I did a very brainless thing last night… I let my ex-bf, who i’m sorta dating again, shave my bikini area… ALL of my bikini area. He really wanted to see what a complete lack of hair would look like. I told it would look like a ten-year-olds, and it does. Here’s the great part: STUBLE, already growing back. OUCH!! Guys, stuble from a normal bikini shave hurts… can you possibly imagine this?
Everyone is welcome to bonk me on the head for this, but tell, have any of you other ladies EVER done this? I can assure you, I won’t ever be doing it again.
The worst is when you wet shave with an old blade, this happens only when you are as lazy as me but trust me you get cut, razor burn and remain fairly patchy all over. Shaving bad, very very bad.
The best thing I ever did was have my wife get me an electric razor for Christmas. I hated shaving (still do) but the electric razor has made things so much easier. I still razor burn every once in a while, but mostly it’s no problem. All in a couple of minutes too. No more cream, no more hacking my face up with dull razors.
The electric razor stinks; The one I tried for speed and efficiency seems to just miss some hairs, so instead of getting the suboptimal stubble, you get some smooth and some whiskers that just ignore the razor.
I really kind of like shaving.
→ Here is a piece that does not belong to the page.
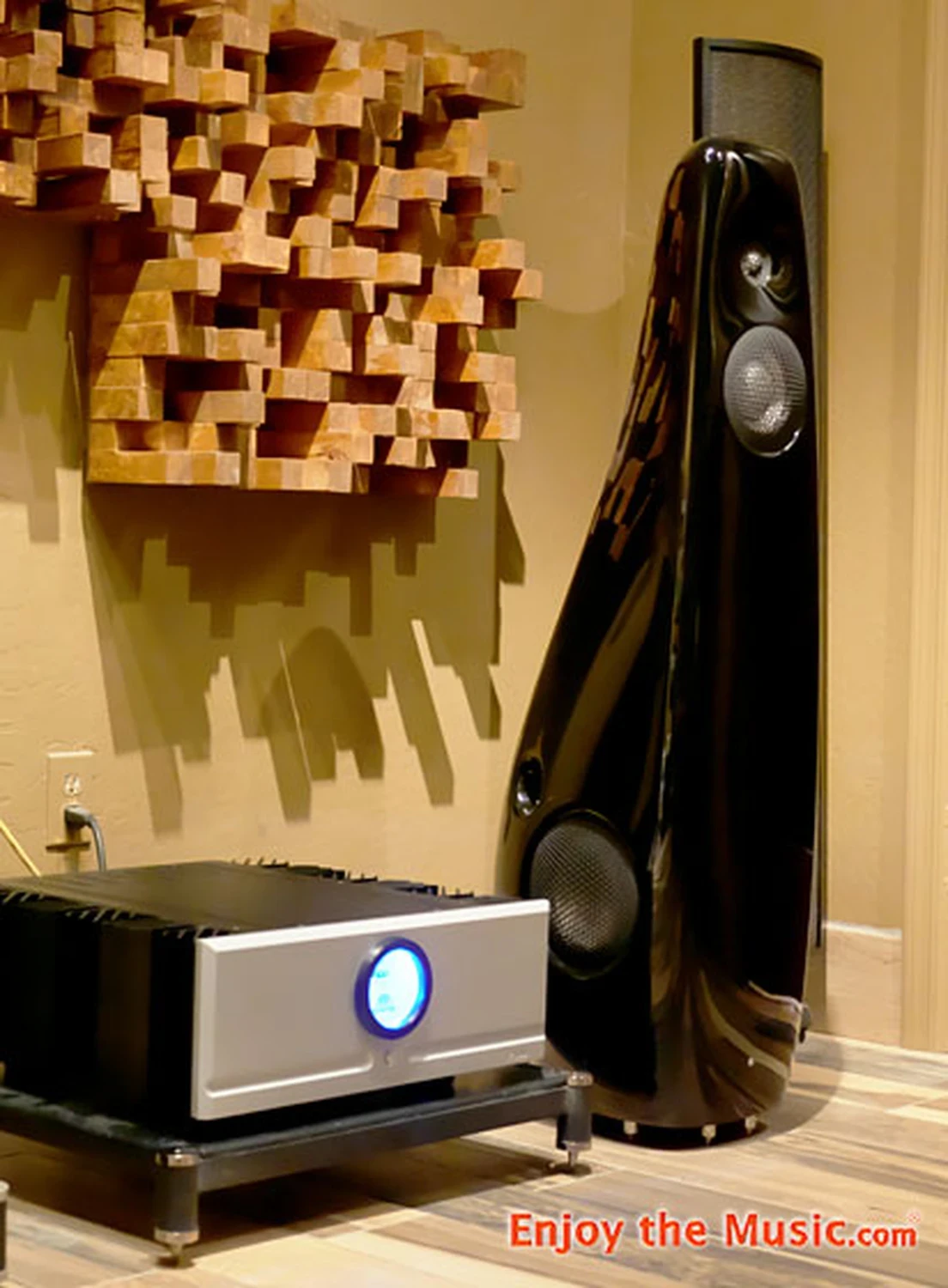 Les haut-parleurs ont été placés à la distance recommandée des murs latéraux (environ trois pieds) et à environ deux pieds de mon mur arrière. Les haut-parleurs ont commencé leur session d’écoute avec un léger angle (comme mes haut-parleurs MartinLogan), mais ont rapidement été placés presque à plat à l’avant. Le placement final était à peine à cinq degrés hors axe. Le triangle recommandé et l’axe croisé ont mieux fonctionné avec la configuration de ma salle audio. La finition des Vivid Audio Kaya 45 était presque parfaite. Les éraflures mineures étaient en bas et hors de vue. Ils offrent d’autres finitions en Pearl et Oyster Matte, mais mes haut-parleurs de test étaient en noir piano. Une variété de couleurs personnalisées est disponible sur demande. Les haut-parleurs Kaya 45 sont pratiquement lisses et sans joint. Les seules lignes droites se trouvent sur le plateau inférieur, avec les bornes de connexion et les pointes. Pour réaliser cet exploit, une quantité vertigineuse de recherches et de technologies est nécessaire, et peut-être un peu de magie ? Cette entreprise innovante, dirigée par l’ingénierie, se vante de technologies telles que les diaphragmes en Catenary Dome Profile, le Tapered Tube Loading, les Super Flux Magnets, le Reaction Cancelling Compliant Mount, et plus encore. L’ensemble de cette critique pourrait être l’exemple d’un article blanc du MIT, et cela pourrait en faire bâiller certains d’entre vous. Laissez-moi résumer.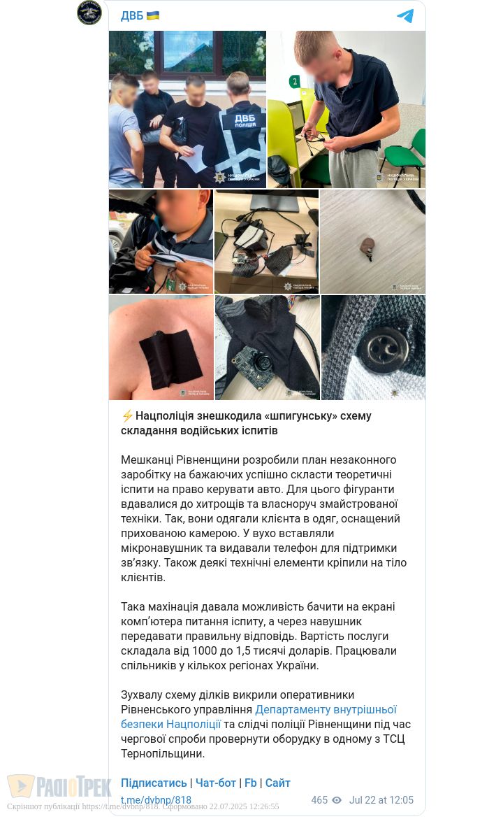 Фігуранти ховали в одязі клієнтів відеокамери й навушники, щоб диктувати відповіді на теоретичний іспит.

I use a badger brush and some Crabtree & Evelyn sandalwood soap, and a regular removable-cartridge Gilette razor. The fussy soap is only a small conceit, and the eight-dollar bar has lasted six months. Lots of hot water and a good slap of regular-old Aqua Velva and I’m off to work feeling like a man.
I wear a small mustache and goatee to hide a group of scars on my lip and chin (I ate a curb once) because they’re gross scars, not sexy scars, and because I cut them all the time when I had to shave them. The final straw was when I met a girl at a party, was getting along great with her, but not as well as I should have expected. Somehow the incident that led to my scars came up and she giggled “Oh, those are SCARS!”… more giggles… “I thought they were HERPES !”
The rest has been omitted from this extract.